## What is required
Nothing but the lines from the one with "Product information:Color: Black" through the end of the records may appear in the answer, each reproduced exactly, pictures omitted.

## Input material
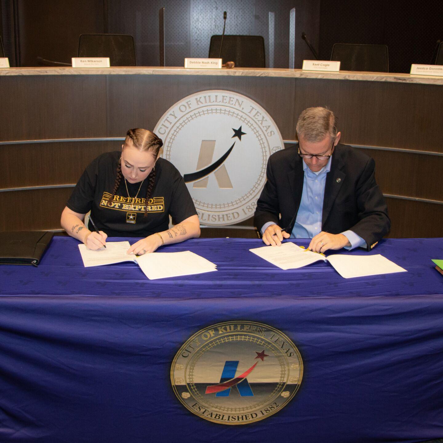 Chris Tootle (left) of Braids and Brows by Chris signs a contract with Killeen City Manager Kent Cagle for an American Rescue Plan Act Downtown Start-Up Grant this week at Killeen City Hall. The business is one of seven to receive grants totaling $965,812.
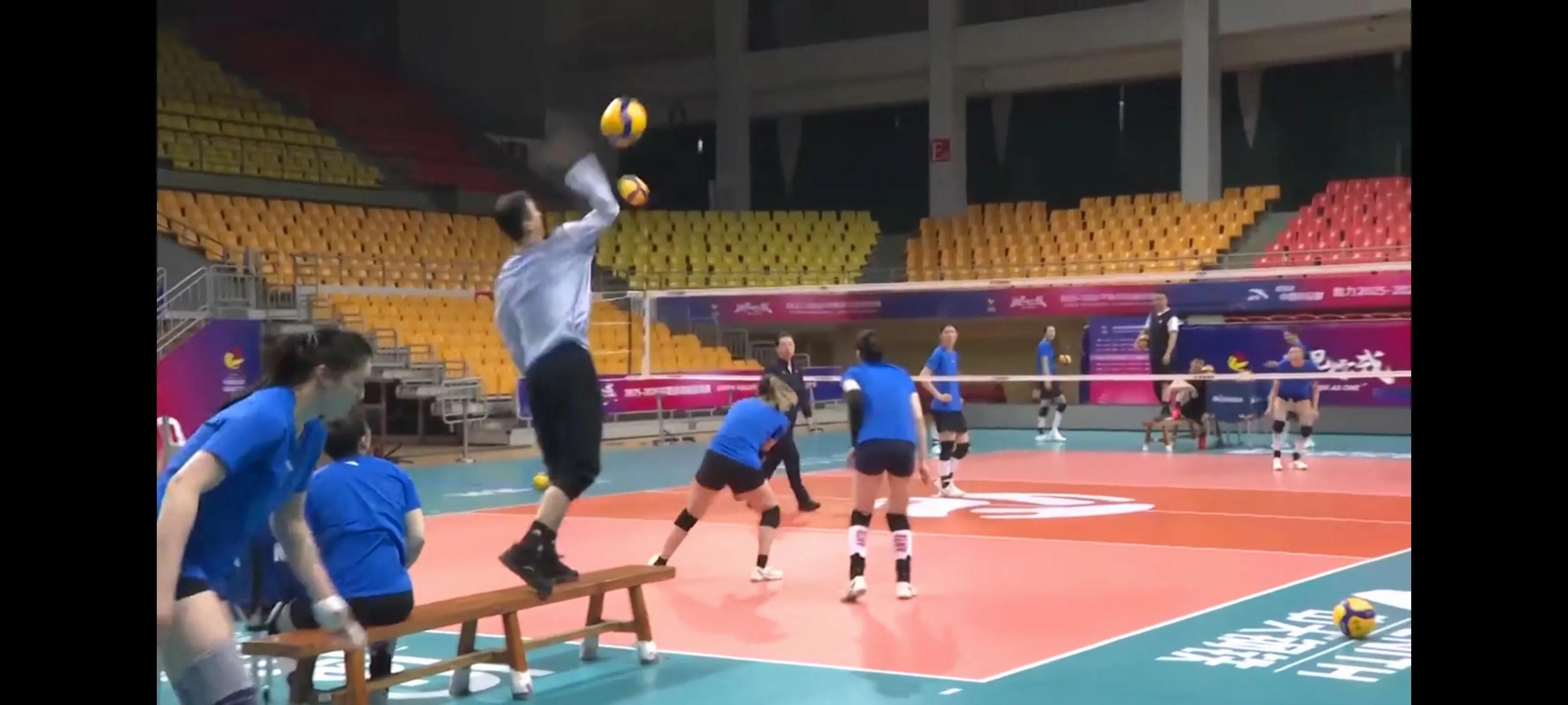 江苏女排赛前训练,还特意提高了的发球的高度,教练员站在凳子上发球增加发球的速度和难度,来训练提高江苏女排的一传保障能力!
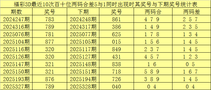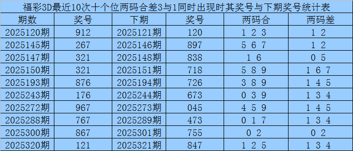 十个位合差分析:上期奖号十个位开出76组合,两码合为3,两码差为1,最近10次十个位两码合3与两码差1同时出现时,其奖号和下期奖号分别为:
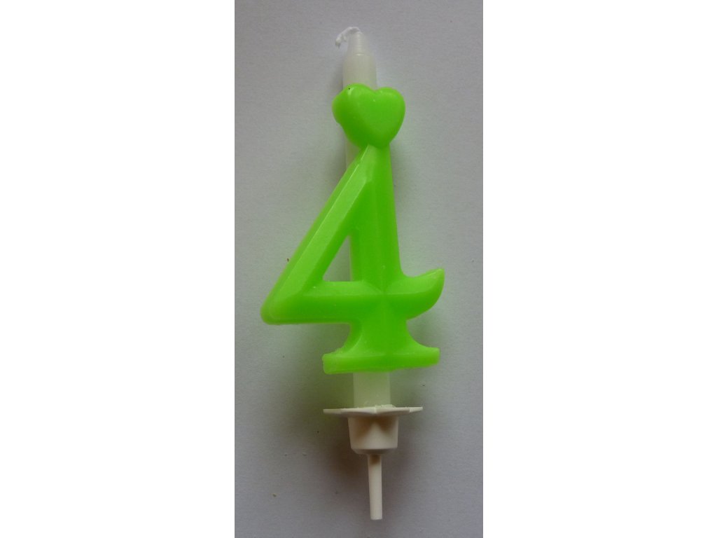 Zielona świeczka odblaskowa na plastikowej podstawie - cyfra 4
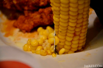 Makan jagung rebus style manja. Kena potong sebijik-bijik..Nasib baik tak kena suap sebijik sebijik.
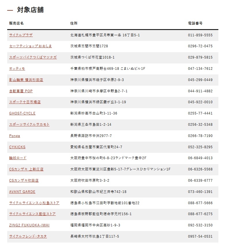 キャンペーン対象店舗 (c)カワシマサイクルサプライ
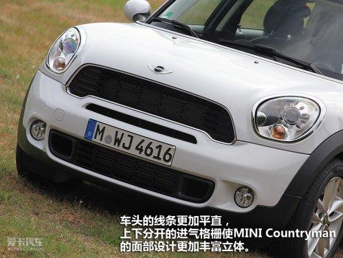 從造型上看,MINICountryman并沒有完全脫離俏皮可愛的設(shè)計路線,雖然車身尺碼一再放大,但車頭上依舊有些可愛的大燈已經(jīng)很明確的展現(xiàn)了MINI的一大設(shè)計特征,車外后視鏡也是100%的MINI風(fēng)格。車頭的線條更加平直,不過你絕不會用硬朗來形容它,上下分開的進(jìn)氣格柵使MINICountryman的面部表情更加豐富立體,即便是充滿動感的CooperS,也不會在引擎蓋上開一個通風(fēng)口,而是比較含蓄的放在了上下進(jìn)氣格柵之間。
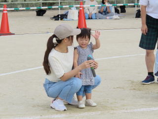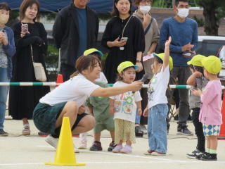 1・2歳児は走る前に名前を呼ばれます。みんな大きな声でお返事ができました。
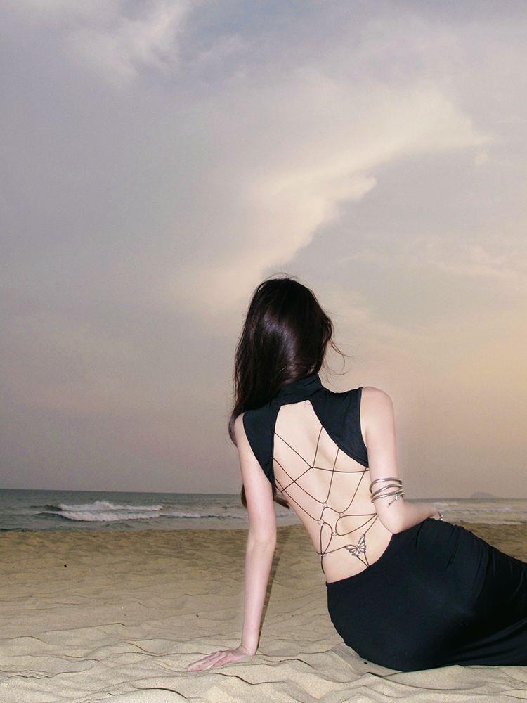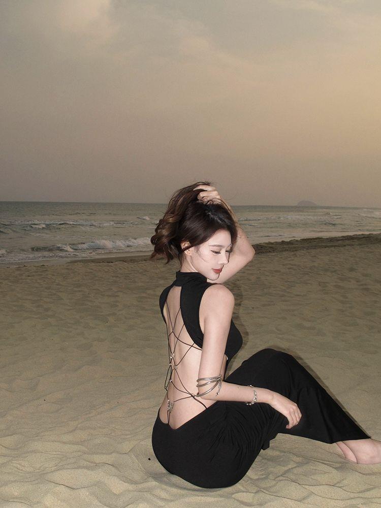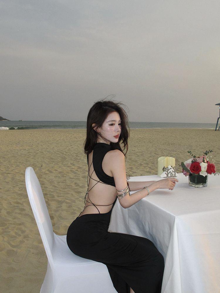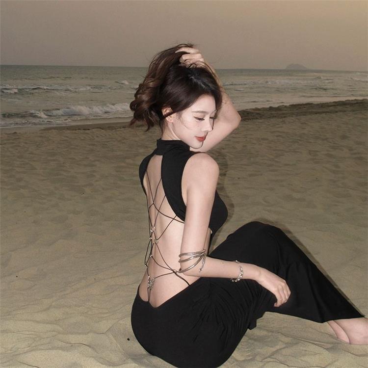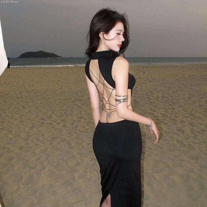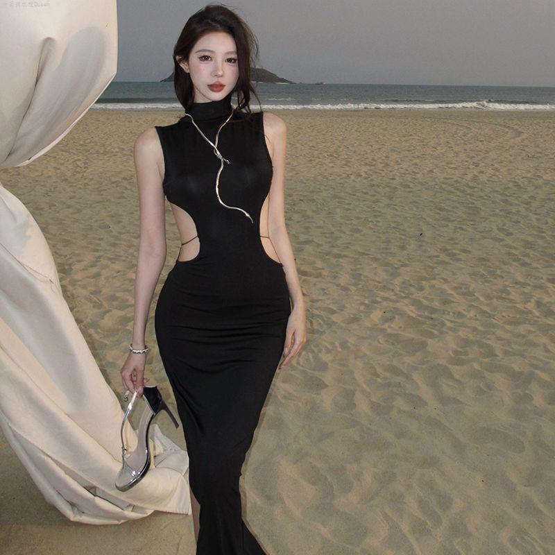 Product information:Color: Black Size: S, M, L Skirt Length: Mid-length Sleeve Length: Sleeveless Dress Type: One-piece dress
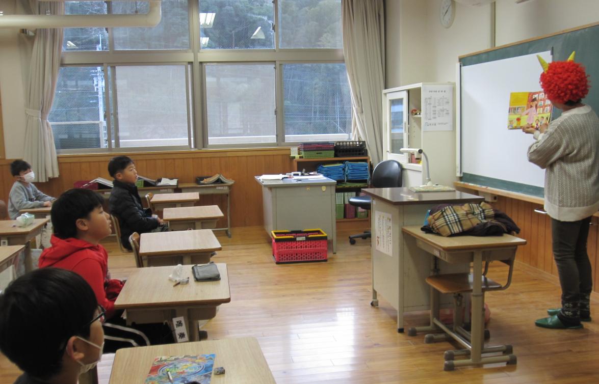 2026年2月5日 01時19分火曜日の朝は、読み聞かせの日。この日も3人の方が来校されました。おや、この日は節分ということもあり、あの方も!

## Response
 Product information:Color: Black Size: S, M, L Skirt Length: Mid-length Sleeve Length: Sleeveless Dress Type: One-piece dress
 2026年2月5日 01時19分火曜日の朝は、読み聞かせの日。この日も3人の方が来校されました。おや、この日は節分ということもあり、あの方も!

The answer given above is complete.